We support three backbones for generating CodeUJB answers: hf, openai and tgi.

# generate answers with huggingface `transformers` backbone.
python code_ujb/generate_hf.py \
 --model-path $model_name_or_path \
 --model-id $run_id \
 --gen-mode $gen_mode \
 --bench-name $dataset \
 --num-samples $num_samples \
 --save-generations-path ./log/$run_id/$dataset/generations-$gen_mode.json

# generate answers with openai API backbone.
export OPENAI_API_BASE=''
export OPENAI_API_KEY=''
python code_ujb/generate_api.py \
 --model-path $run_id \
 --model-id $run_id \
 --gen-mode $gen_mode \
 --bench-name $dataset \
 --num-samples $num_samples \
 --parallel 8 \
 --save-generations-path ./log/$run_id/$dataset/generations-$gen_mode.json

# If `model-id` not in OpenAI model list, `generate_api.py` will generate answers with Text Generation Inference backbone.
# Please refer to [Text Generation Inference](https://github.com/huggingface/text-generation-inference) for deploying your TGI server first.
export TGI_API_URL_${run_id//-/_}=http://127.0.0.1:8081,http://127.0.0.1:8082 # The Text Generation Inference API URL.
python code_ujb/generate_api.py \
 --model-path $run_id \
 --model-id $run_id \
 --gen-mode $gen_mode \
 --bench-name $dataset \
 --num-samples $num_samples \
 --parallel 32 \
 --save-generations-path ./log/$run_id/$dataset/generations-$gen_mode.json

Arguments:

[model-path] is the path to the weights, which can be a local folder or a Hugging Face repo ID. If you using generate_api.py, it should be the same as model ID.
[model-id] is a name you give to the model.
[gen-mode] have two options: complete for model without instruction-finetuning and chat for model with instruction-finetuning.
[bench-name] is the name of the dataset you want to evaluate.
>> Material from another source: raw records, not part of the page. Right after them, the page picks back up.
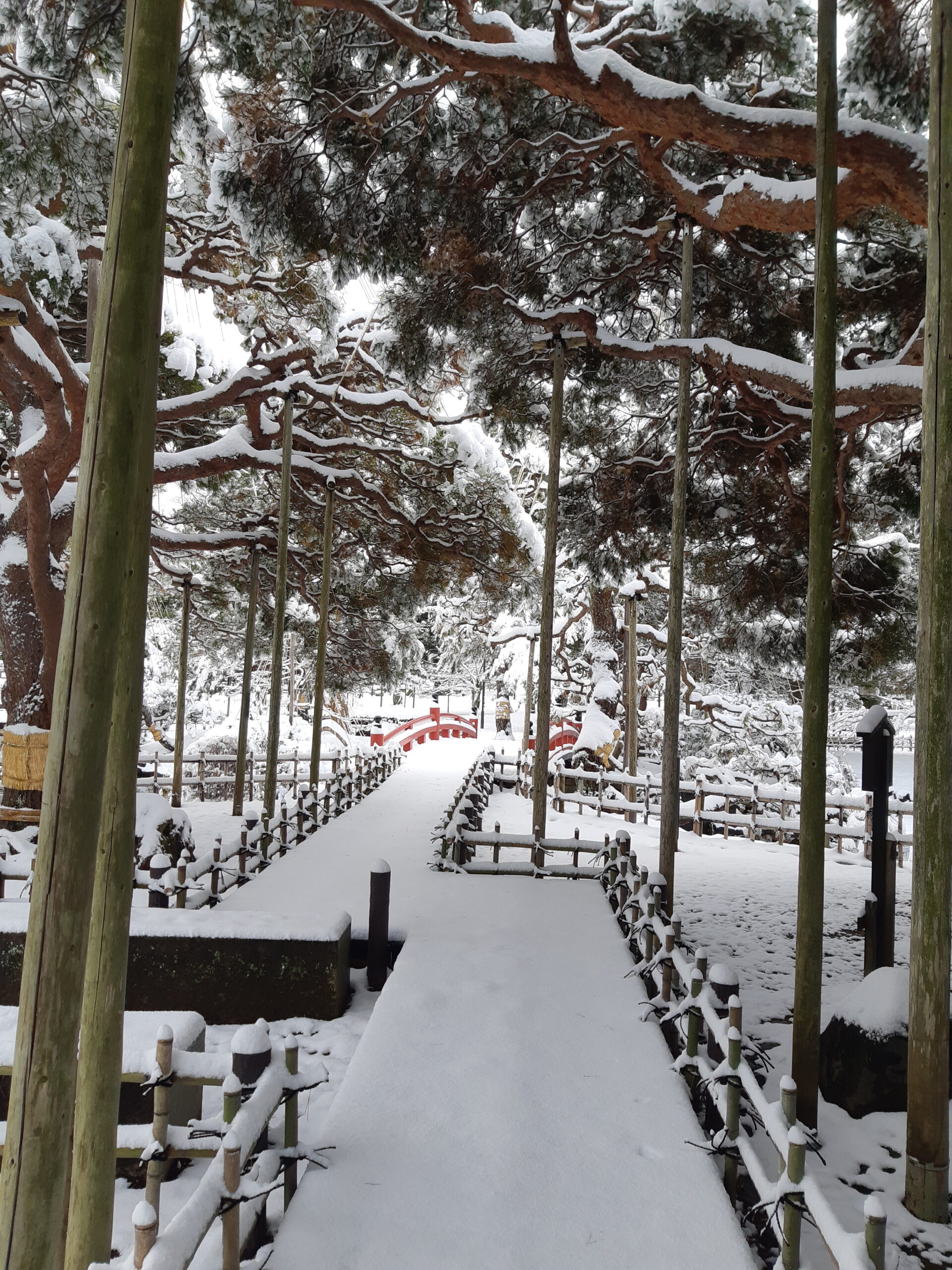 We like to consider it a mini version of Kanazawa’s Kenrokuen Garden, with the traditional garden elements of ponds, mini-hills and waterfalls, and stone bridges and lanterns. And the iconic winter scene of Hokuriku: yukitsuri ropes strung around trees to hold them up in the heavy snow.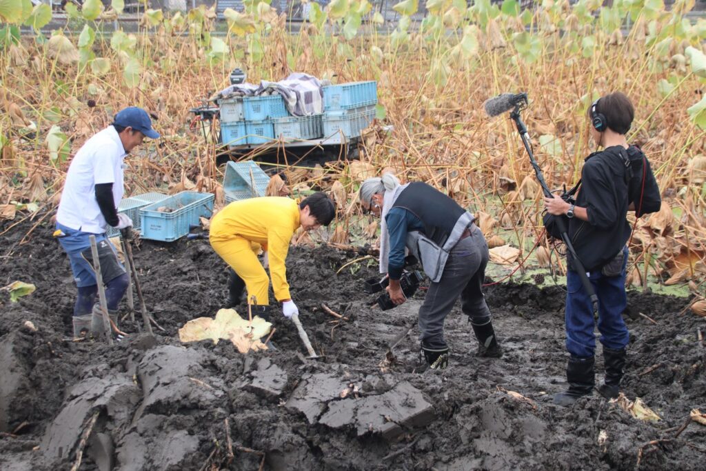 愛西市産のレンコンの特徴や収穫方法を紹介しながら、備中鍬を使用して土を掘り、1つ1つ丁寧に収穫する様子が取材されました。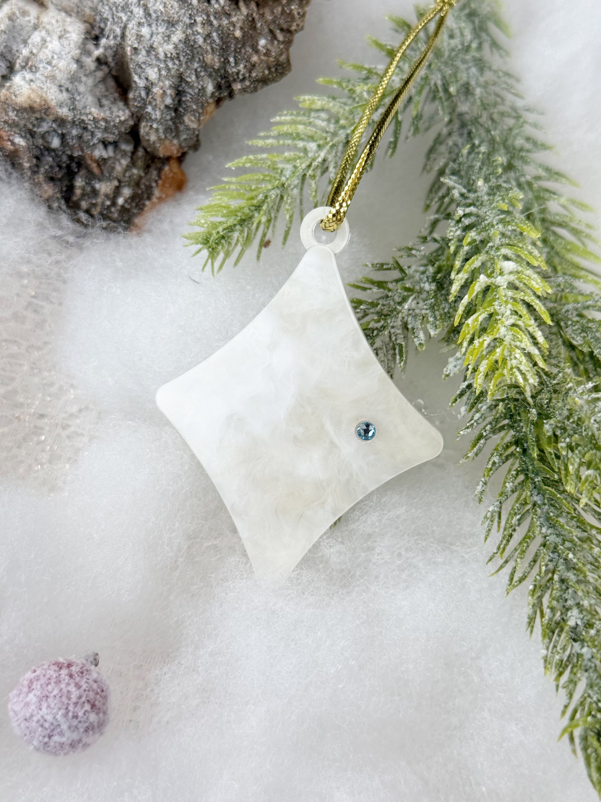 Material: Metacrilato perla dorada nacarada y decoración en cristales de Swarovski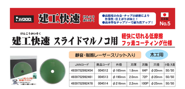 【商品名】(業務用3個セット) 建工快速 スライド丸のこ用チップソー/先端工具 【木工用】 フッ素コーティング仕様 刃数:72P 日本製 190×2.0×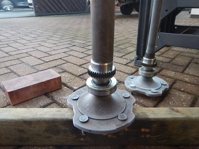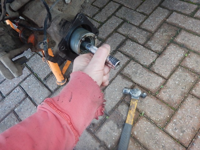 Tapped it into position under the ABS collar's cogged bit... Applied loads of heat, balanced the tool on two bricks, and with a 3"x2" timber offcut on the end of the shaft, banged and banged... :lol:

There five datasets in CodeUJB: codeujbrepair, codeujbcomplete, codeujbtestgen, codeujbtestgenissue, codeujbdefectdetection.
[num-samples] is the number of samples for each coding question you want to generate.
[save-generations-path] is the path to save the generated answer.
[parallel] is the number of parallel API calls. e.g.,

python code_ujb/generate_api.py --model-path gpt-3.5-turbo --model-id gpt-3.5-turbo --gen-mode chat --bench-name codeujbcomplete --num-samples 10 --save-generations-path log/gpt-3.5-turbo/codeujbcomplete/generations-chat.jsonl

The answers will be saved to log/gpt-3.5-turbo/codeujbcomplete/generations-chat.jsonl.
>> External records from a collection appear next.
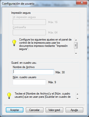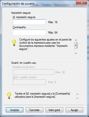 Los datos impresos mediante la función Impresión segura se guardan en la carpeta de usuario de impresión segura. Para imprimir los datos guardados, debe introducir el ID de usu. y contraseña especificados en el controlador de impresora.
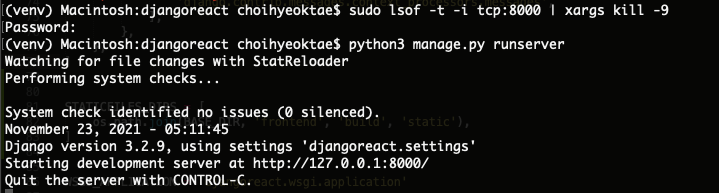 장고 실행시 이런 에러 메시지가 뜬다면 port 8000과 관련된 프로세스를 종료하고 다시 실행한다.
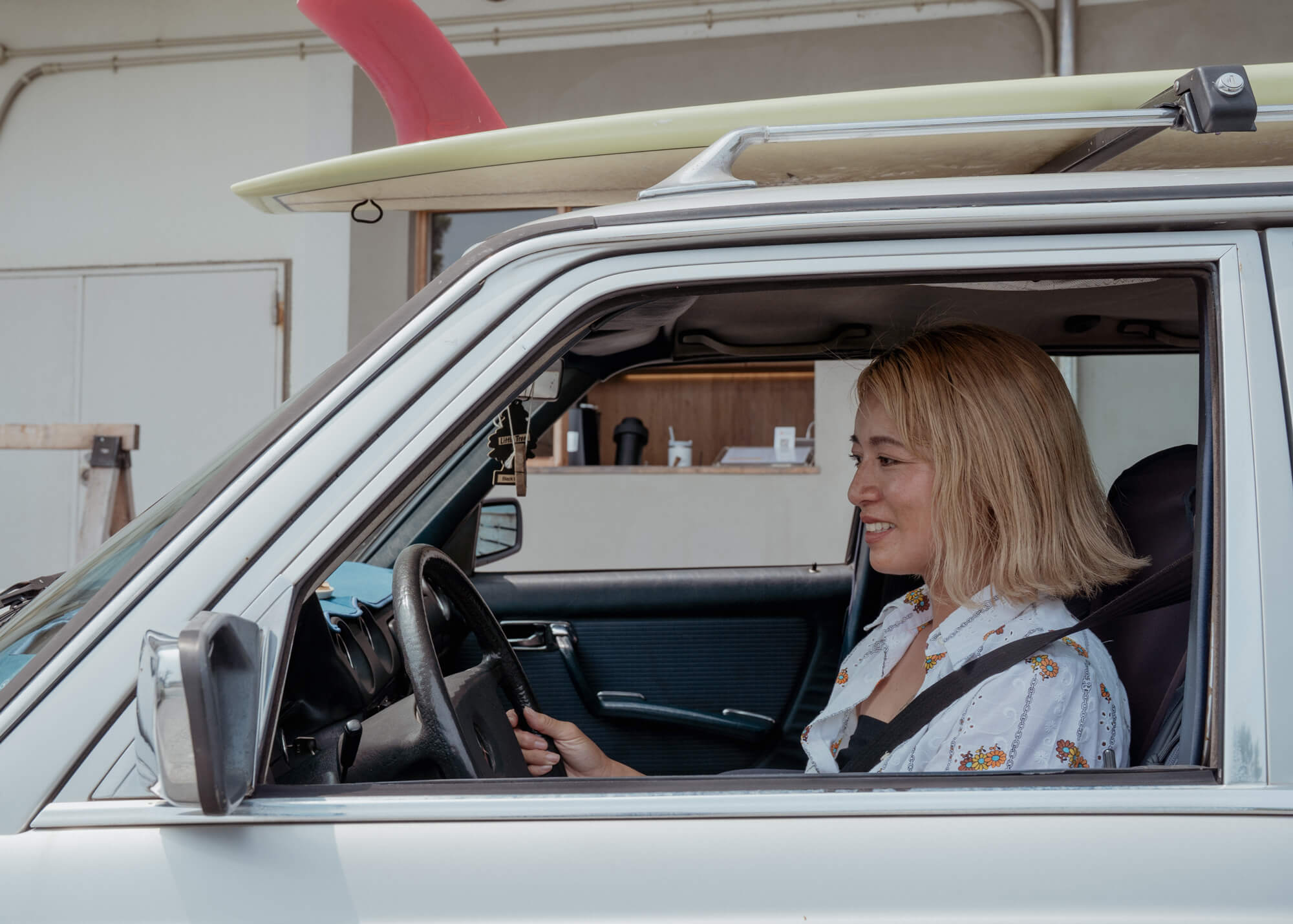 そんな心境の変化は、愛車へも影響した。彼女の新たな“パートナー”となったのが1983年式の「Mercedes-Benz S123」だ。自動車の整備士だった亡き父の影響で、幼い頃から乗りたいと思っていたステーションワゴン。レッカーされることに慣れるほどの不便さも、“可愛くなってきた”と愛せる心のゆとりは、今の暮らしだからこそ生まれたのだという。戻ってきた地元での肩肘はらない暮らしの中で出会った、懐かしい自分を映し出す1台。

Step 2. Evaluate model answers of CodeUJB

Please make sure you have installed defects4j first.

python3 code_ujb/evaluate.py \
 --model-path $model_name_or_path \
 --model-id $run_id \
 --gen-mode $gen_mode \
 --bench-name $dataset \
 --num-samples $num_samples \
 --load-generations-path ./log/$run_id/$dataset/generations-$gen_mode.json \
 --eval-output-path ./log/$run_id/$dataset/evaluation-$gen_mode.json

Arguments:

[load-generations-path] is the path to the generated answer.
[eval-output-path] is the path to save the evaluation results.

e.g.,

python code_ujb/evaluate.py --model-path gpt-3.5-turbo --model-id gpt-3.5-turbo --gen-mode chat --bench-name codeujbcomplete --num-samples 10 --load-generations-path log/gpt-3.5-turbo/codeujbcomplete/generations-chat.jsonl --eval-output-path ./log/gpt-3.5-turbo/codeujbcomplete/evaluation-chat.json

The evaluation results will be saved to ./log/gpt-3.5-turbo/codeujbcomplete/evaluation-chat.json

QuickStart Scripts

# generate and evaluate with openai api, please setting the Openai API key first.
# export OPENAI_API_BASE=''
# export OPENAI_API_KEY=''
./scripts/run_code_ujb.sh api_gen chat multiplepython gpt-3.5-turbo gpt-3.5-turbo
./scripts/run_code_ujb.sh eval chat multiplepython gpt-3.5-turbo gpt-3.5-turbo
# generate with ray inference
./scripts/run_code_ujb.sh local_gen chat multiplepython $HOME/models/deepseekcoder-instruct-7b deepseekcoder-instruct-7b
./scripts/run_code_ujb.sh eval chat multiplepython $HOME/models/deepseekcoder-instruct-7b deepseekcoder-instruct-7b
# generate with tgi inference
./scripts/run_code_ujb.sh tgi_gen chat multiplepython $HOME/models/deepseekcoder-instruct-7b deepseekcoder-instruct-7b
./scripts/run_code_ujb.sh eval chat multiplepython $HOME/models/deepseekcoder-instruct-7b deepseekcoder-instruct-7b

Navigation Menu

Search code, repositories, users, issues, pull requests...

Provide feedback

Saved searches

Use saved searches to filter your results more quickly

License

ZZR0/CoderUJB

Folders and files

Latest commit

History

Repository files navigation

CoderUJB

Contents

Install

CodeUJB

Evaluate a model on CodeUJB

Step 1. Generate model answers to CodeUJB questions

Step 2. Evaluate model answers of CodeUJB

QuickStart Scripts

About

Resources

License

Uh oh!

Stars

Watchers

Forks

Releases

Packages

Uh oh!

Contributors 2

Uh oh!

Languages

License

ZZR0/CoderUJB

Folders and files

Latest commit

History

Repository files navigation

CoderUJB

Contents

Install

CodeUJB

Evaluate a model on CodeUJB

Step 1. Generate model answers to CodeUJB questions

Step 2. Evaluate model answers of CodeUJB

QuickStart Scripts

About

Resources

License

Uh oh!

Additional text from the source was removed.